In Bayern hat der Landtag ein monatliches Gehörlosengeld als Unterstützung abgelehnt. Es gibt nur eine Einmalzahlung von 145 Euro. Ist das eine Hilfe?

Das Gehörlosengeld soll eine Entschädigung sein, Alltags-Barrieren auszugleichen. Für die Bezahlung von Dolmetschern würde es nicht reichen. Ich befürchte, wenn dieses Geld gezahlt würde, wäre das mit der Aufforderung an Gehörlose verbunden, sich selbst zu kümmern. Den Fokus auf Teilhabe finde ich viel wichtiger. Dolmetscher müssen selbstverständlich eingesetzt werden.

Im Bundestag haben Sie zwei Dolmetscher. Übersetzen sie wörtlich für Sie oder sinngemäß?

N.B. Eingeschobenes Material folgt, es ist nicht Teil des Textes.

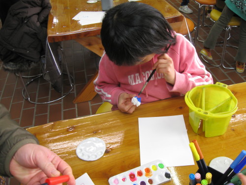 ちなみに巳子(長女)がやっているのはEBアートといって石膏に色を塗ってペンダントやブローチなどを作る教室。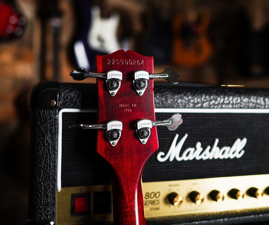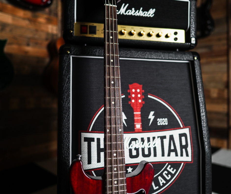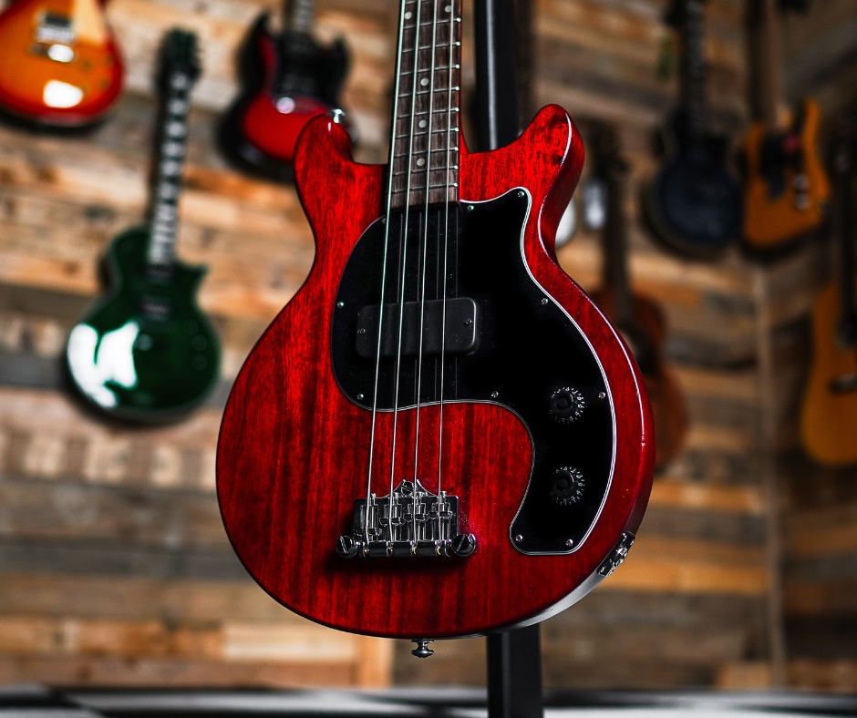 The Gibson Les Paul Tribute DC Bass is a short-scale powerhouse that blends vintage-inspired design with modern tone and comfort. With its double-cutaway mahogany body and punchy humbucker, it delivers fat, warm bass tones in a sleek, lightweight package.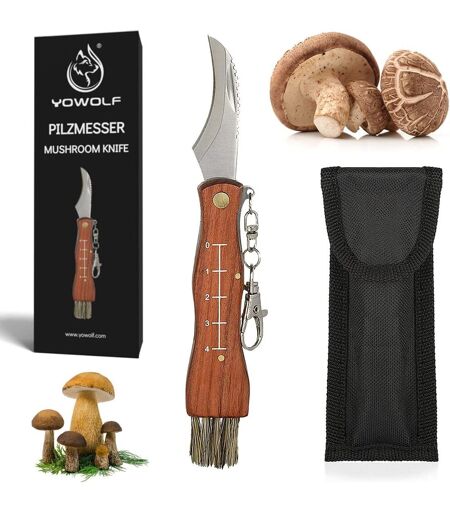 [ERGONOMIC DESIGN]The stainless steel blade is slightly curved, so it fits perfectly to the natural round shape of the mushroom stem, cutting cleanly without disturbing the soil and mycelium underneath. Handle design for easy grip and quick opening. The grip is comfortable, firm and not easy to fatigue. Compact structure and beautiful appearance.[PREMIUM MATERIAL] The mushroom knife is made of high quality steel, it is lightweight, strong and durable, with a sharp blade, excellent hardness and corrosion resistance, and easy to grip handle. High-quality mushroom knives increase your enjoyment and productivity when harvesting mushrooms.[MULTIFUNCTIONAL] The end of the mushroom knife is built into a small brush, which can simply remove the soil and leaves from the mushrooms without damaging the fungi. The mushroom knife also has a built-in scale that allows you to know the height of the mushrooms. We will also give you a bag that can hold mushroom knives, which can be hung on your belt for complete hands-free use.Perfect gift: The folding knife is very exquisite, beautiful and has a unique charm. In addition to using it outdoors, it is also a perfect gift.[100% QUALITY ASSURANCE]We promise that we only use the highest quality materials. Unlike other brands, YOWOLF always insists on quality products. Your purchase is risk-free and we offer you a 30-day money back guarantee! If you are not satisfied, please feel free to contact us! ...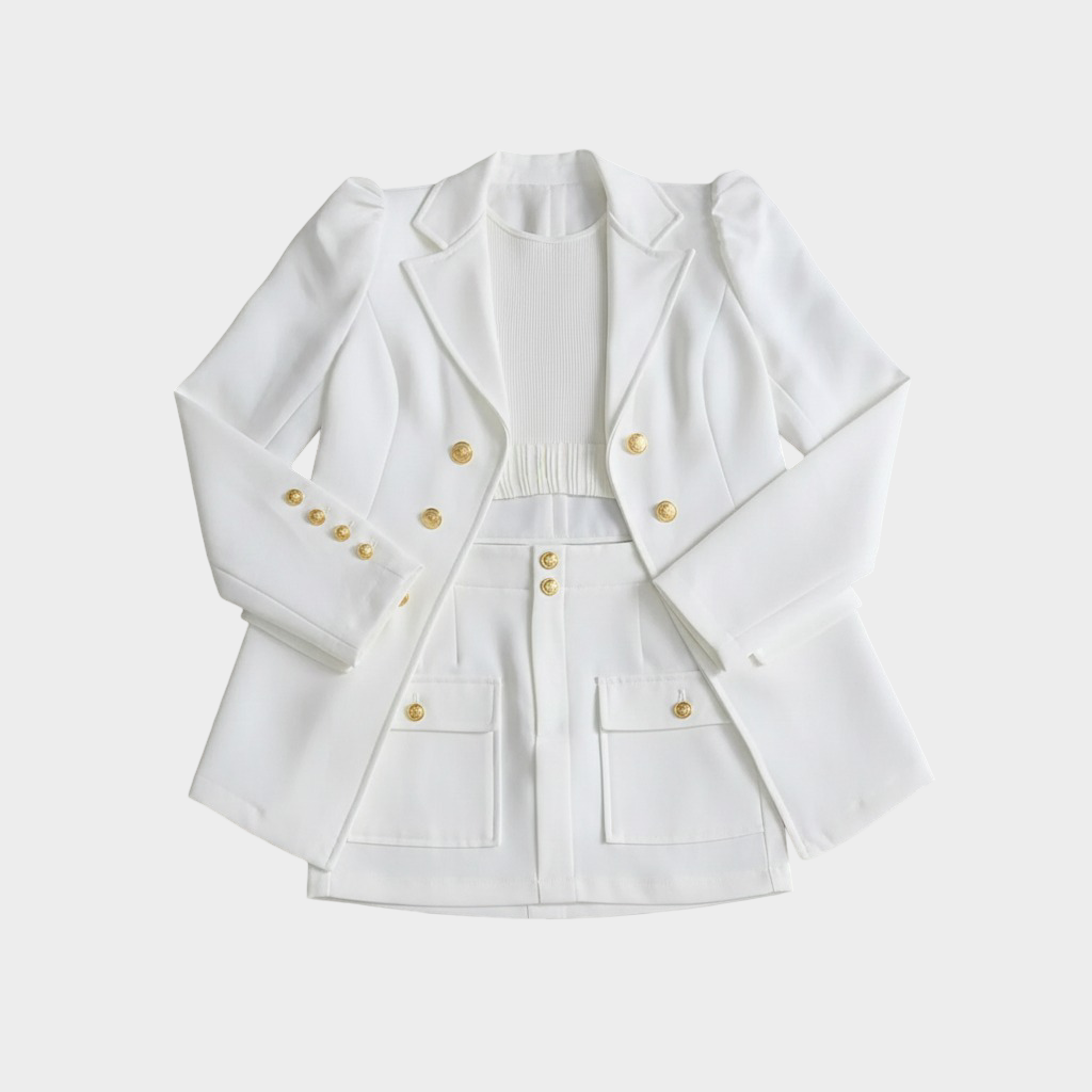 Elegantní sada z pevného blazeru s dlouhým rukávem a odpovídající mini sukně. Ideální pro elegantní příležitosti nebo pro stylové každodenní outfity.

Eine wörtliche Übersetzung funktioniert in der Gebärdensprache nicht. Das Dolmetschen bedeutet, den Kern einer Aussage zu erfassen und ihn sprachlich und kulturell an die andere Sprache anzupassen. Es gibt natürlich Lautsprache begleitende Gebärden, bei denen buchstabiert wird. Aber eine Eins-zu-eins-Übersetzung funktioniert nicht. Ich habe zwei Dolmetscher, weil einer für mich die Redebeiträge übersetzt und einer parallel die hörbaren Zwischenrufe.

Haben Sie im Bundestag schon Ihren ersten Redebeitrag gehalten?

Nein – aber der Eindruck ist entstanden. Vor meiner ersten Parlamentssitzung durfte ich mit meinen Dolmetschern in den Saal gehen, um zu schauen, wie wir uns am besten positionieren. Das war nur eine Stellprobe, es wurde aber gefilmt. Sofort verbreitete sich die Nachricht, ich hätte schon meine erste Rede gehalten. Wann das so weit sein wird, weiß ich noch nicht.